泣いているのは幼い時の自分で、祖父母と父の元婚約者に害されたのか、もしくは両親がいない寂しさから泣いているに違いない。
(きっと目を覚ましても、ヴィアベルはいない。それならこのままずっと、夢の中にいようか)
ペリーウィンクルが再び意識を深く沈めようとしていると、涙まじりの声が彼女を呼んだ。
「ペリーウィンクル様、ペリーウィンクル様。お願いです、どうか起きてください」
ユサユサと体を揺さぶられて意識が浮上したペリーウィンクルは、うっすらと目を開いた。
(ああ、起きちゃった)
残念だ。このまま悪夢に身を任せていたかったのに。
そうしたら、ヴィアベルがいないことを悲しまなくて済む。
ぼんやりした頭でそんなことを考えていたら、声の主が焦り出した。
「ペリーウィンクル様。お願いですから、起きてください。はっ! も、もしや死んでいませんよね⁉︎」
ふわふわした毛玉のようなものが、ペリーウィンクルの胸に押し当てられる。
首筋にあたる感触がこそばゆい。
ペリーウィンクルは思わず吹き出しそうになった。
「くすぐったい」
払い除けようと、ペリーウィンクルが体を起こす。
「わあぁぁぁ!」
こん、ころり。
体に乗り上げていた生き物が、叫び声を上げながら転がり落ちる。
彼女の前に、タンポポ色をした毛玉がコロリと転がった。
「おぅ、もふもふ……」
大きさは、ペリーウィンクルの両手に収まるくらいだろうか。
毛玉は「いてて」と言いながら、みょーんと背伸びをするように体を伸ばして、後ろ足で立った。
(かっ、かわいい〜〜!)
蜂蜜色のくりくりとした目が、ペリーウィンクルを見上げる。
小さな鼻を忙しなくヒクヒクさせるその姿は、どう見ても長いお耳のウサギさんだ。
「ああ、良かった! このまま目覚めなかったらどうしようかと思っていたのです」
もふもふのおててを、これまたもふもふのほっぺたに押し当てて、ウサギは変顔になりながら「えへへ」と笑った。
あざとい。だがしかし、とてもかわいい。
さきほどまでの陰鬱な気分が吹っ飛んでしまうくらいの衝撃である。
ペリーウィンクルは二足歩行の愛らしいウサギを前にして、プルプル震えた。
彼女の悪い癖だ。
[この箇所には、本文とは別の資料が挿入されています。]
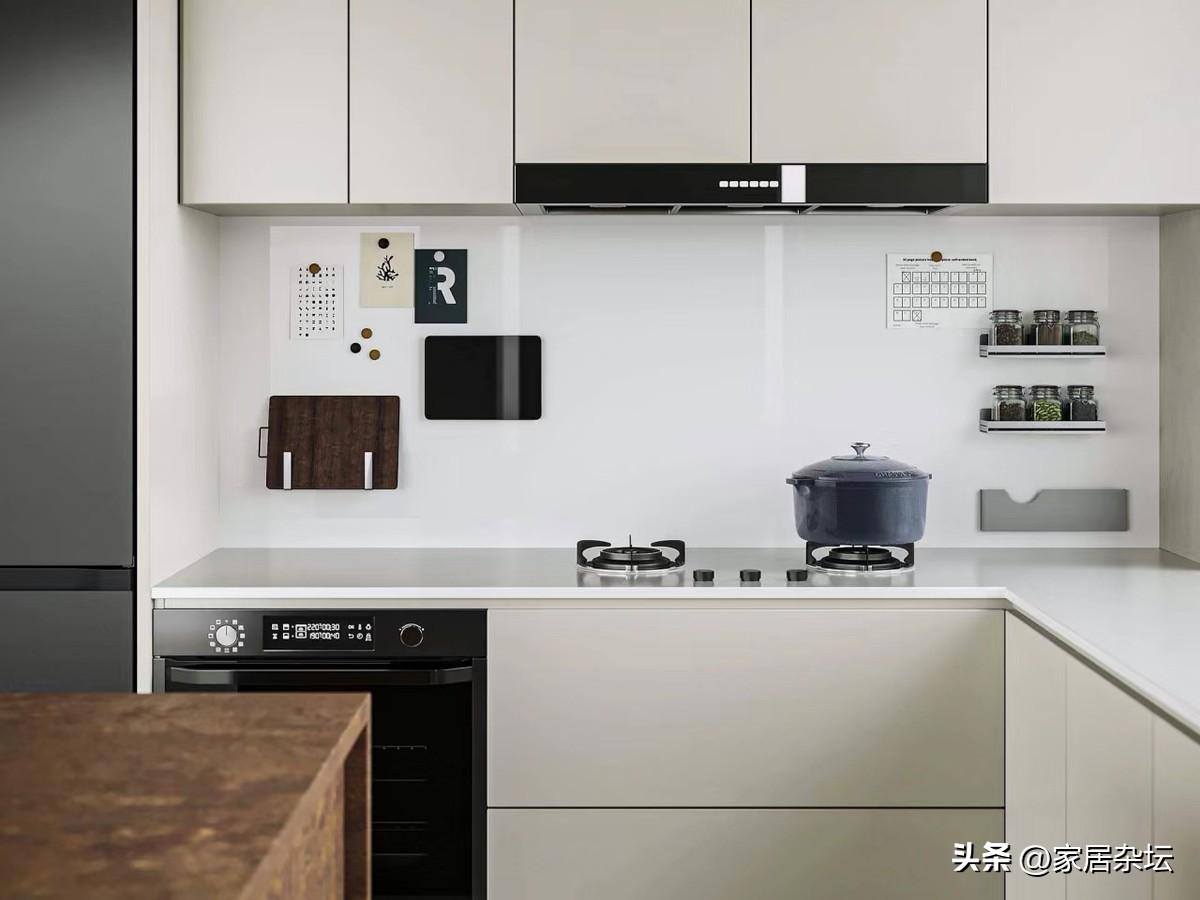 廚房牆面安裝琺琅板,不僅可以用磁吸置物架來收納廚房的零碎物品,而且牆面更耐污。平時,用抹布帶一下就很乾淨,不存在衛生死角。

かわいいものを前にすると、あらゆるネジが緩んでしまう。
もしもヴィアベルがこの場にいたら、呆れていたに違いない。
「わぁぁぁ! かわいいうさちゃん、どこから来たの?」
「む! かわいいうさちゃんではないのです。わたしの名前はスヴェート。ひだまりの妖精です」
「スヴェートって……リコリス様と契約している?」
「ええ、ええ、そう通り。わたしが契約しているのはリコリスです」
「えっと。そのスヴェートは、どうして私を起こしているのかな? それに、ここはどこ? 私、部屋で寝て……」
言いかけて、ペリーウィンクルはピタリと止まった。
「違う。そうじゃない」
ペリーウィンクルは確かにベッドへ横になっていたが、寝ていたわけじゃない。
「ベッドで寝ていたら何かに襲われて……それで……」
どうして忘れていられたのだろう。
思い出すだけで身震いしてしまうほどの恐怖。
おぞましい。
まさにその言葉にぴったりの生き物だった。
「ええ、そうです」
訳知り顔で頷くスヴェートに、ペリーウィンクルは慎重に問いかけた。
「あれは、なに?」
「名もなき生き物です」
「え?」
「あれは、絶対に生まれてはいけない生き物です。絶対に生まれてはいけないのに、わたしは生み出してしまいました。あの子が言うからやってみたけれど、やっぱり禁忌は禁忌だった」
わたしは禁忌を犯しました、とスヴェートは言った。
名もなき生き物。
それは、妖精が生まれる誕生花が生む、もう一つの存在である。
『栄養剤や肥料を与えられた誕生花から、妖精は生まれない。そこから生まれるのは、誰からも望まれない、忌まわしい存在……』
以前、ローズマリーはそう言っていた。
聞いた時はなんてかわいそうな生き物だろうと思ったが、対峙してみたらわかる。
あれは絶対に生まれてはいけないものだ。
だって、アレは明らかに──、
「私を食べたがっていた」
真っ黒いドロドロとした生き物が、グパァと大きな口を開ける。
真っ暗な穴の中に鋭く尖った歯のようなものが見えたのを思い出して、ペリーウィンクルは青ざめた。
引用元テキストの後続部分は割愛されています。